Big cities don't have designated fallout shelters
In 1961, around the height of the Cold War, the US launched the Community Fallout Shelter Program, which designated safe places to hide after a nuclear attack in cities across the country. Most shelters were on the upper floors of high-rise buildings, so they were meant to protect people only from radiation and not the blast itself.
Cities were responsible for stocking those shelters with food and sanitation and medical supplies paid for by the federal government. By the time funding for the program ran out in the 1970s, New York City had designated 18,000 fallout shelters to protect up to 11 million people.
In 2017, New York City officials began removing the yellow signs that once marked these shelters to avoid the misconception that they were still active.
Redlener said there's a reason the shelters no longer exist: Major cities like New York and San Francisco are in need of more affordable housing, making it difficult for city officials to justify reserving space for food and medical supplies.
"Can you imagine a public official keeping buildings intact for fallout shelters when the real-estate market is so tight?" Redlener said.
'This is part of our 21st-century reality'
Redlener said many city authorities worry that even offering nuclear-explosion response plans might induce panic among residents.
"There's fear among public officials that if they went out and publicly said, 'This is what you need to know in the event of a nuclear attack,' then many people would fear that the mayor knew something that the public did not," he said.
(Photo by Henning Witzel)
But educating the public doesn't have to be scary, Buddemeier said.
"The good news is that 'Get inside, stay inside, stay tuned' still works," he said. "I kind of liken it to 'Stop, drop, and roll.' If your clothes catch on fire, that's what you should do.

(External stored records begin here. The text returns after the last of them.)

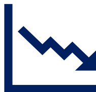
売上や利益の減少
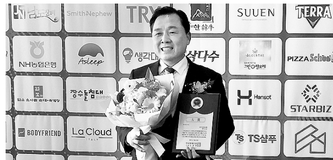
서치 조사기관을 통해 명품브랜드 대상 심사선정위원회가 평가했다.

이날 시상상은 브랜드별 인지도, 대표성, 만족성 등에 대해 성·지역·연령·Quota에 의한 비례할당추출로 제주도를 제외한 만 20~59세 남·여를 대상으로 온라인 한국리
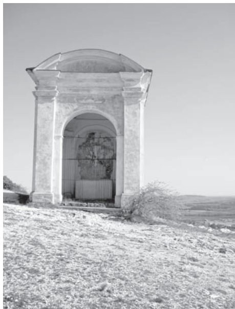
Kaplička č. 8, 2011

It doesn't make you afraid of fire, hopefully, but it does allow you the opportunity to take action to save your life."
Both experts agreed that for a city to be prepared for a nuclear attack, it must acknowledge that such an attack is possible — even if the threat is remote.
"This is part of our 21st-century reality," Redlener said. "I've apologized to my children and grandchildren for leaving the world in such a horrible mess, but it is what it is now."